Это произвело странное впечатление. Он забегал по комнате.

— Почему не приехал? Почему не приехал? Почем я знаю, почему я не приехал. Разве так просто приехать к Толстому?

— Да, но вы же послали телеграмму.

— Телеграмму послать одно, а к Толстому приехать — другое. Да, здесь сидя, я решил: поеду к Толстому, а как пришел этот день — и не решился. Разве просто поехать к Толстому? <...>

Я это вспоминаю только для того, чтобы напомнить ту душевную атмосферу, в которой мы, современники Толстого, жили. А мне тем более не просто было решиться на это после того, как я получил от него последнее письмо3, и если бы не цензура, запрещавшая печатать даже сведения о его здоровье, и если бы не непреодолимое желание взглянуть на него хотя бы только для того, чтобы убедиться, что он жив, — я бы, может быть, на это никогда не решился.
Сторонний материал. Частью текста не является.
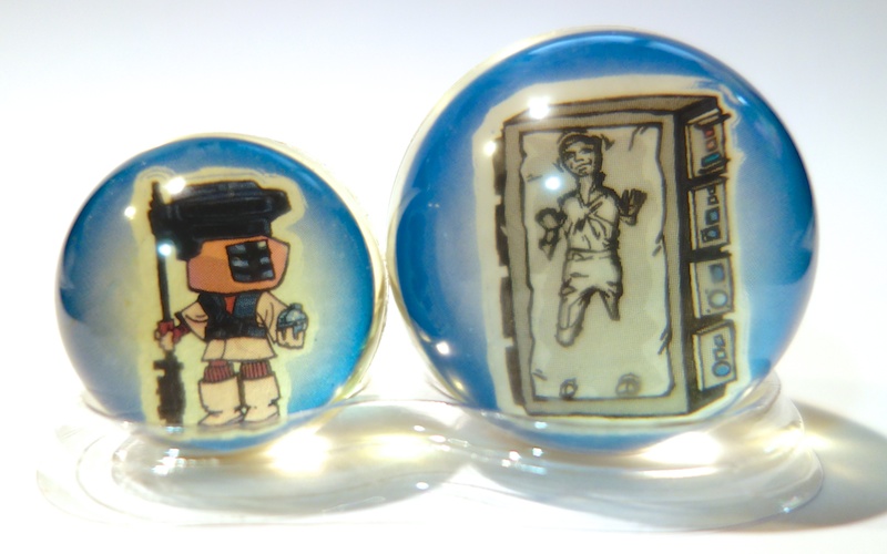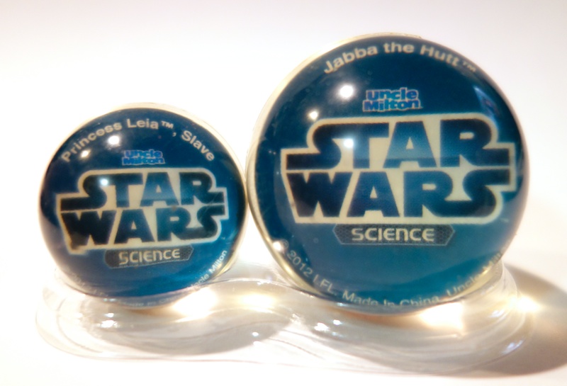 Each pack has one large and one small ball, with 12 different pairs to choose from. They’re sold under Uncle Milton’s “Star Wars Science” line, but to call these educational toys is a bit laughable. They’re just “super balls.” There’s a little clear plastic insert in the package that you can use to as a stand for your balls, so you can display them without them rolling all over the place. I thought that was a nice touch. These were originally $4.99 at TRU, but on clearance they ended up being a bit over $2 a pack, which isn’t too bad.

Однажды в скором поезде я разговорился с молодым человеком, служащим какого-то галстучного магазина. Этот юноша, узнав, что я видел Толстого (это было несколько лет спустя), умолял меня дать ему свой автограф. Ему было приятно иметь автограф человека, который лично видел Толстого и руку которого пожимал «великий писатель земли русской».

Вот, приблизительно, и мое отношение к Толстому было тогда таким же...

Приехал я на станцию Козлова-Засека рано утром и долго блуждал по снегу, пока не дошел до Ясной Поляны. «Дорога прямая, дружок», — говорили мне все встречные. А сделав несколько шагов, я натыкался на две дороги и не знал, идти ли направо или налево. Так ведь всегда бывает. Для людей местных, знающих дорогу хорошо, кажется, что она одна.

Когда я через несколько часов блужданий, после двух бессонных ночей, добрался, наконец, до дверей яснополянского дома, я узнал, что Толстой болен, серьезно болен, и к нему никто не допускается. Впрочем, мне предложили раздеться и отдохнуть <...>.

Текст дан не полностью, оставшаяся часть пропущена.